William Hill in the United Kingdom suffered a £238 write down in its Australian division in 2017 according to official results released by the company.
The reduction in the estimated value of the Australian arm did significant damage to the company’s online revenue potentials.
According to William Hill UK, the company made a total £1.71 billion as a result of a 7 per cent increase throughout 2017 to when the books were closed on December 26. Casting aside certain expenses, the company worked on a modified operating profit of £291.3 million, based on 11 per cent rise. If the accounts were not adjusted in any way, the company actually suffered a pre-tax loss of £74.6 million on the £181.3 million taken in 2016.

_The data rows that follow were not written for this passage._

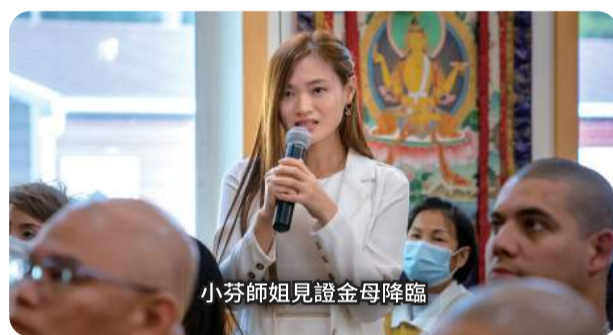
小芬师姐見證金母降臨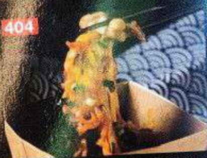
コリアンスタイル激辛チーズ焼きそば ยากิโซบะผัดชีสสไปซี่สไตล์เกาหลี Korean style spicy cheese fried noodles 198B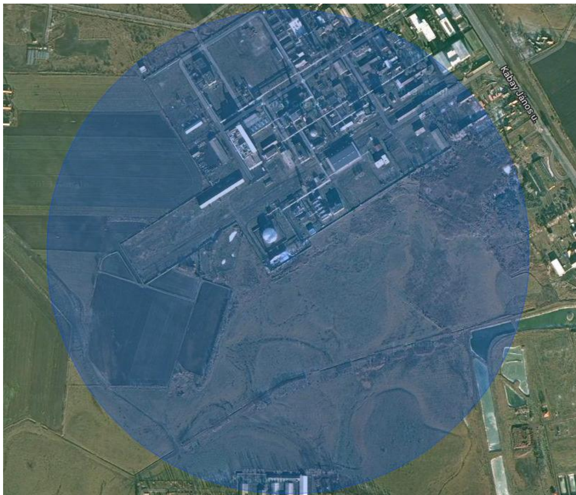
Mérgezés 1%-os halálozás indoor esetben (épületben belül tartózkodókra) Kimenekítési zóna 542 m

A kimenekítési zóna (542 m) nem terjed az Alkaloida Vegyészeti Gyár Zrt. telephelyének területén kívülre, csak a telephely területén tartózkodókra érvényes.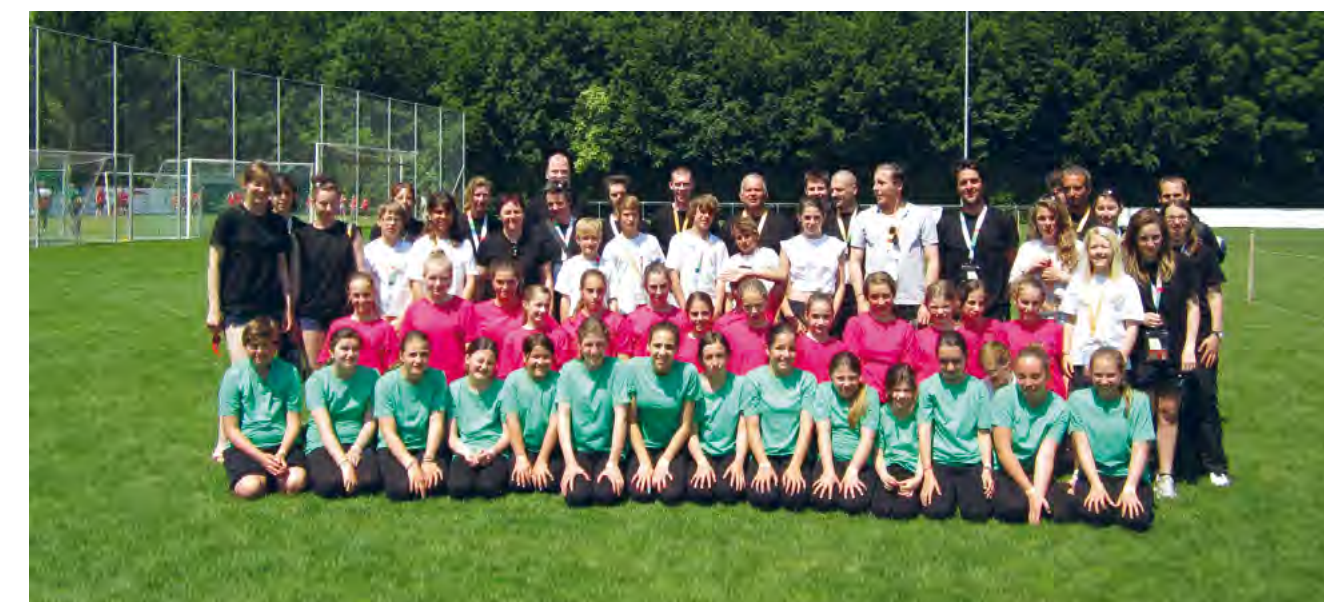
Une forte délégation de gymnastes de Bourg-en-Lavaux.

Les 15 et 16 juin dernier, la Fédération Suisse de Gymnastique de Cully a rejoint les 17000 jeunes qui ont participé à la fête fédérale de gym. Organisée tous les 6 ans, cette grande aventure avait lieu à Bienne.

Following the devastating damage from William Hill Australia, the headquarters in the UK examined the division’s books in January and concluded that the loss was not unconnected to recent prohibitions on credit betting and online in-play.

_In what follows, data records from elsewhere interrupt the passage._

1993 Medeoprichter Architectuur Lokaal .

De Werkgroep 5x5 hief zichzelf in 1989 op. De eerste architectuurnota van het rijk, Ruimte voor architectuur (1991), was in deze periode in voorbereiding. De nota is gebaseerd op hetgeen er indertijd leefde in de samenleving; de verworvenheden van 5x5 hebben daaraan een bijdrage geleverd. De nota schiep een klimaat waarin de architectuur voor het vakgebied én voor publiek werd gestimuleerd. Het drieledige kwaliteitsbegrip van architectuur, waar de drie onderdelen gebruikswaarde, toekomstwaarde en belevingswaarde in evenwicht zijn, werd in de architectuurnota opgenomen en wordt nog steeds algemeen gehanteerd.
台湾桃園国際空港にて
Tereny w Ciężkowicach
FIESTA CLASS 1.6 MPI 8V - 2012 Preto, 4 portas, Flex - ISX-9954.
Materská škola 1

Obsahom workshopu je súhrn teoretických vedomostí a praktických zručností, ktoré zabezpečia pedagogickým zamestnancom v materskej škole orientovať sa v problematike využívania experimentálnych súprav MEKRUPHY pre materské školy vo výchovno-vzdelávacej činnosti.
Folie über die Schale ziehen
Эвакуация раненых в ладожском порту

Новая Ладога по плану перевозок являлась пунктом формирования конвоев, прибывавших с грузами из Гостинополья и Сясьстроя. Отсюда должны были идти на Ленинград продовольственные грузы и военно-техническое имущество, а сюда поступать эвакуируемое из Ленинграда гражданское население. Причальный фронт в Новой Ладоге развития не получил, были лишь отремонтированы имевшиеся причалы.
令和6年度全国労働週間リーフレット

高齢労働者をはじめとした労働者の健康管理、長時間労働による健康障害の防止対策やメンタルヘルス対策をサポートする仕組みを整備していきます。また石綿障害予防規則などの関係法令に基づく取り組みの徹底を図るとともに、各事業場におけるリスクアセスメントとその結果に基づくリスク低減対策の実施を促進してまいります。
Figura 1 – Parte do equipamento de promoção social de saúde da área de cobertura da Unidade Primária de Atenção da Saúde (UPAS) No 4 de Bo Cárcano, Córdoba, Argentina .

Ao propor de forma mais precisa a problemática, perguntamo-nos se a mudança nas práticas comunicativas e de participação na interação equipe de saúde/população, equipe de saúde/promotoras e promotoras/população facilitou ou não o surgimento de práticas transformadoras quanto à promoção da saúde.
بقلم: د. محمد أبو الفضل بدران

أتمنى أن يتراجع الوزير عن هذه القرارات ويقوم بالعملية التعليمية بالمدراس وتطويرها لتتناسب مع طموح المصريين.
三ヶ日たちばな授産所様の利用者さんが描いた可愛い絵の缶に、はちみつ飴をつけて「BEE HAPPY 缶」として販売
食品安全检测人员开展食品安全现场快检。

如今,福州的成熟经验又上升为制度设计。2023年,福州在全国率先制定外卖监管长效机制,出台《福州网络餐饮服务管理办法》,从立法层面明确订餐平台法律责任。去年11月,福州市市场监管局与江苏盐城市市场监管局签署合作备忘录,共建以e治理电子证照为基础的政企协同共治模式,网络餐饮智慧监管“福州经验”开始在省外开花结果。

This is in addition to fear of emerging point-of-consumption taxes.
The company looks forward to completing the review of the Australian arm by the middle of this year.
The results from William Hill Australia did considerable damage to the company’s online operations. The Aussie division had never enjoyed perfect goodwill in the face of international reviews, but the company still recorded a total income of 13 per cent rise to £617 million. This included a one-third adjusted operating profit that amounted to £132.5. This achievement is noteworthy, considering the fact that William Hill UK had begun the online horse betting levy together with parts of Remote Gaming Duty to free bet offers.

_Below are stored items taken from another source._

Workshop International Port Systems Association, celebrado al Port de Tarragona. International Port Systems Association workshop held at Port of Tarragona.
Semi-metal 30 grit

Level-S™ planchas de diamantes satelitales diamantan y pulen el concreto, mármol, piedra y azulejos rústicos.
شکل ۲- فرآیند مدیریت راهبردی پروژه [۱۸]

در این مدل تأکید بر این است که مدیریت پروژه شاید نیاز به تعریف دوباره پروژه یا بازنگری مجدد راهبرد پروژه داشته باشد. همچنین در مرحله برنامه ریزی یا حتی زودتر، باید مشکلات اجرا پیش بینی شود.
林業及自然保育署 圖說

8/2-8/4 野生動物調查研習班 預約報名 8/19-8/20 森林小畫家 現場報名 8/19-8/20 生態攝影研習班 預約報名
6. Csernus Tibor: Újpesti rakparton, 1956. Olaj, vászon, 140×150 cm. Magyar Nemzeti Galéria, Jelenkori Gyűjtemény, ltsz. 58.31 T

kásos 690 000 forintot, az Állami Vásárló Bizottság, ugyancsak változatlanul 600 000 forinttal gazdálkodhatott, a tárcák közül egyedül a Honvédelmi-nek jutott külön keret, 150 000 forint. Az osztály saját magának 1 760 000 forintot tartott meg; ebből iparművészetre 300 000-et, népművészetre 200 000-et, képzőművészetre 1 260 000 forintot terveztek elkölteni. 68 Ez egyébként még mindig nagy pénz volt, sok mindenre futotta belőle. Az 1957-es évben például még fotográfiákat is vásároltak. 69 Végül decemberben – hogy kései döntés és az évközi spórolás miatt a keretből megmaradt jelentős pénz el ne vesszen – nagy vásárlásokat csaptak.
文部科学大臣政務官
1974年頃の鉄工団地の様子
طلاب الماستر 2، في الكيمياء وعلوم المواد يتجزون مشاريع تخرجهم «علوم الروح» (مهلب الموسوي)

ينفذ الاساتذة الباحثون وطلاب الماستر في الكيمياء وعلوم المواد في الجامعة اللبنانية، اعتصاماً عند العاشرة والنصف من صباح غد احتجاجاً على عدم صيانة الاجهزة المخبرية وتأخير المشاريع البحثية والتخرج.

Interplay of factors helped UK to Absorb the write down from Australia
To this extent, William Hill UK’s mobile and desktop products helped to raise the company’s margins to facilitate a 10 per cent rise in the revenue for online sports as well as 14 per cent increase in sports turnover to earn £308.3 million.
Furthermore, the mobile share for sports turnover rose from 12 points to 82 per cent. The company’s 2017 first quarter launch of single wallet and improvements to its cross-sell product offers enabled the company to record 12 per cent increase in its digital gaming income, totalling £306.6 million.